Woolworth's employs ten times as many people as the gas industry. It is not very labor intensive. Meanwhile, China, Japan, South Korea are burning far more Australian gas than Australia does,
and global climate change continues apace. So if Madeline King is troubled by any of this, by the climate change consequences of mining lots more gas, by the fact that it is not want the economic bourn that it's portrayed to be, it certainly isn't apparent in her glowing portrayal of Australia's gas driven future in the strategy that she put out a week or so back.
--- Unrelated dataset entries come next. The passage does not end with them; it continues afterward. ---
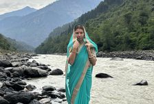 Муж ночевал в пещере с бабой. Он был в восторге. У меня была фотосессия в Сари. Моя мечта примерить наряд сбылась.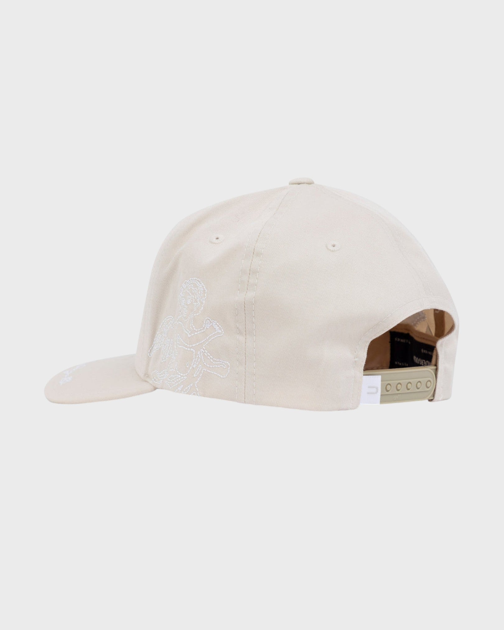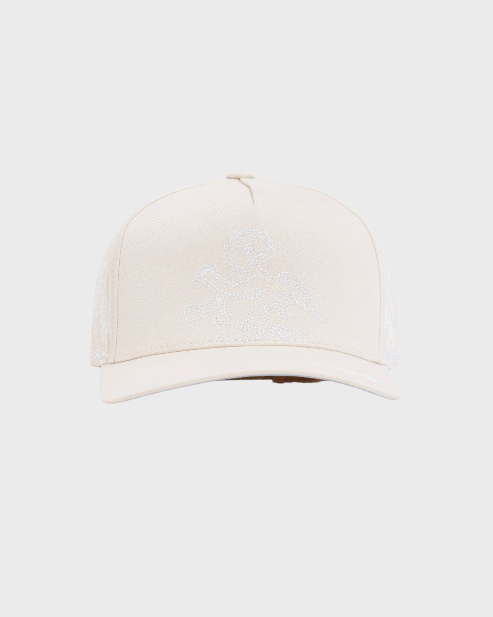 Cream High Crown cap, made of drill fabric, intervened with white flat embroidery on the front, both sides and visor.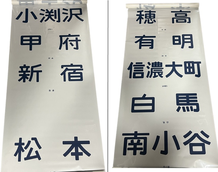 このように様々な表示が入っております。しかし国鉄からJRになってから、車体側面に「行先表示器」の取付改造が行われた為、この前頭幕を使用した行先表示を使用した運行は次第に縮小、このクハ115-1106が長野地区にやってきた2002年にはほぼ「普通」「快速」などの種別部分しか使用されておりませんでした。(稀に行先を表示したこともあるようです)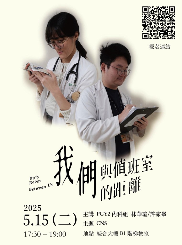 學姊也提醒,未來進入職場後,學習如何與其他醫護人員協作、確實下醫囑與交班、互相尊重與配合,是非常重要的一環。當對病人是否需要交班感到猶豫時,她建議:「心中有疑慮時,一律打電話交班!」並強調平時應確實完成病歷記載。最後,關於時間管理,學姊分享在臨床工作中,應優先處理好當前的醫療事務,待逐漸上手後,再進一步兼顧教學與研究,並努力在工作與日常生活之間取得良好的平衡。

Mike, thanks so much for your time today.
Thank you.
We'll have more after this break. Also in the news today, several Australians are still in hospital after a Singapore Airlines flight experienced major turbulence and was forced to land at Bangkok Airport. A seventy three year old British Man died and dozens more were injured, some seriously. Fifty six Australians were among the two hundred and eleven passengers and eighteen
crew on board the flight. There's a debate over whether climate change is contributing to more instances of severe turbulence. One recent study found turbulence in jetstreams may double or trouble over the coming decades. And Shadow treasurer Angus Taylor has unveiled the opposition's plans to bring down the cost of housing, putting immigration at the center of the coalition's policy.
During a speech at the National Press Club, Taylor promised a coalition government would temporarily ban foreign investors and temporary residents from buying existing homes. He also said that reduced permanent migration by twenty five percent for two years and cast out on economic modelings suggesting that could lead to a recession. That's all from the seven AM team for today. Thanks for listening. We'll see you again tomorrow.